Binary Tree Inorder Traversal

Published: Sep 30, 2022

Easy Depth-First Search Binary Tree

Introduction

This is a basic inorder traversal problem. Just visit all nodes in the binary tree by the inorder manner.

Problem Description

Given the root of a binary tree, return the inorder traversal of its nodes’ values.

Constraints:

  • The number of nodes in the tree is in the range [0, 100].
  • -100 <= Node.val <= 100

https://leetcode.com/problems/binary-tree-inorder-traversal/

Examples

Example 1
Input: root = [1,null,2,3]
Output: [1,3,2]
Explanation:
1
 \
  2
 /
3
Example 2
Input: root = []
Output: []
Example 3
Input: root = [1]
Output: [1]

Analysis

The tree traversal takes the depth-first search (DFS) style.
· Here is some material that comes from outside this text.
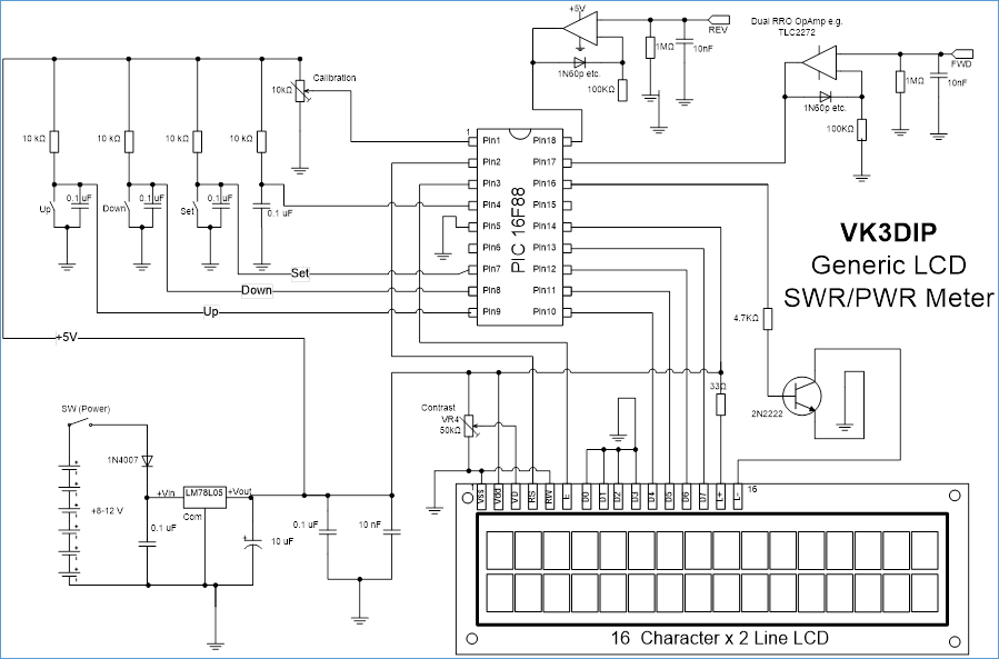 At the end of the day there is a limit to just how precise you can make something with an analog meter, so I went looking around on the web for a something that was not too complex but which could provide that extra precision. I quickly discovered a whole host of different designs out there most of which were using some sort of Microchip or Atmel microcontroller to do the heavy lifting. While some people have semi-religious wars about these two families of devices, I tend to be very pragmatic about this, as really the devices have very similar capabilities, so I tend to just use whatever happens to be on sale this week. I suppose now that Microchip has bought Atmel these chip wars will be a thing of the past. Anyway, one of the more common designs for digital SWR Power meters I found out there used the Microchip 16f88, and I happened to have a few of these from a previous project, so that was the design I followed up. As it turned out this was not a straight forward thing. As far as I could determine, this original design came from a Netherlands amateur radio group called VRZA (callsign PI4ZLB) and in particular one member PA0EJH. I am not particularly sure about this because while this is referenced in a number of other web sites, the original PI4ZLB site seems to no longer contain the detail it once did. What I do know is that several people from a large number of places including India and Romania, built versions of this meter, and in the Indian case the online company FoxDelta actually marketed a kit of it. Strangely the Indian company published details of their kit etc. in a Greek amateur radio magazine! There is clearly a story of who did what first here but for the moment the important thing to me was that there were several PCB patterns available so I could simply produce a board, and most people seemed to agree it worked fine. If you want to chase these up further have a look at the following URLs for starters.
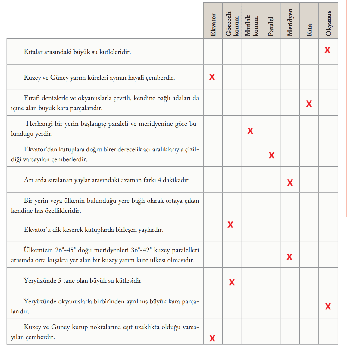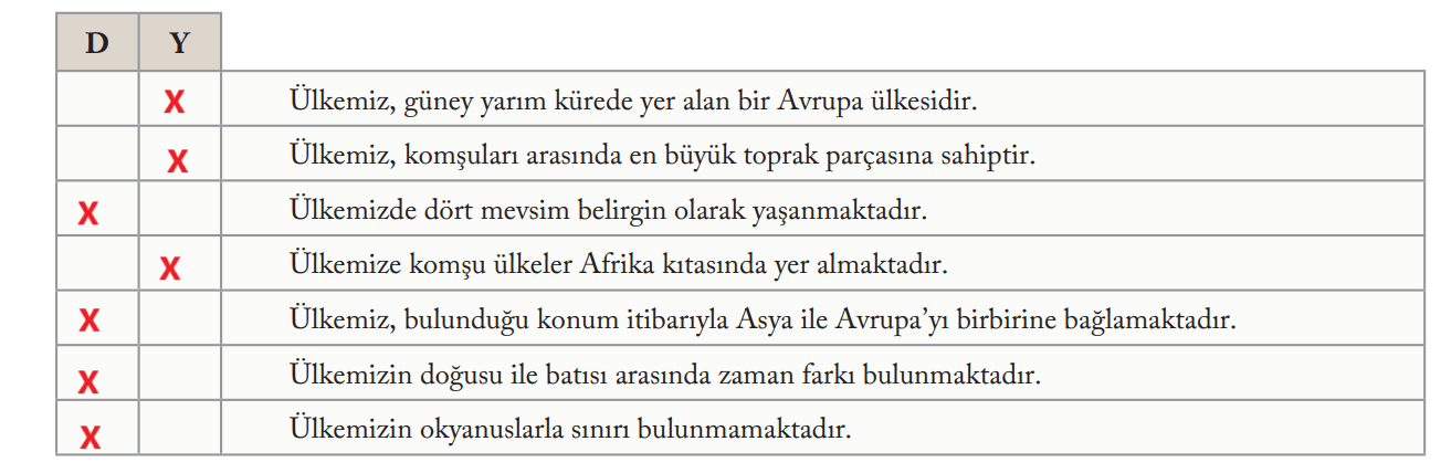 Kutulardaki bilgi doğru ise “✔” yanlış ise “X” ile işaretleyiniz.

The helper function does the DFS and saves values between going left and right.

Solution

# Definition for a binary tree node.
# class TreeNode:
#     def __init__(self, val=0, left=None, right=None):
#         self.val = val
#         self.left = left
#         self.right = right
class BinaryTreeInorderTraversal:
    def inorderTraversal(self, root: Optional[TreeNode]) -> List[int]:
        def helper(root, result):
            if not root:
                return result
            result = helper(root.left, result)
            result.append(root.val)
            result = helper(root.right, result)
            return result
        return helper(root, [])

Complexities

  • Time: O(n)
  • Space: O(n)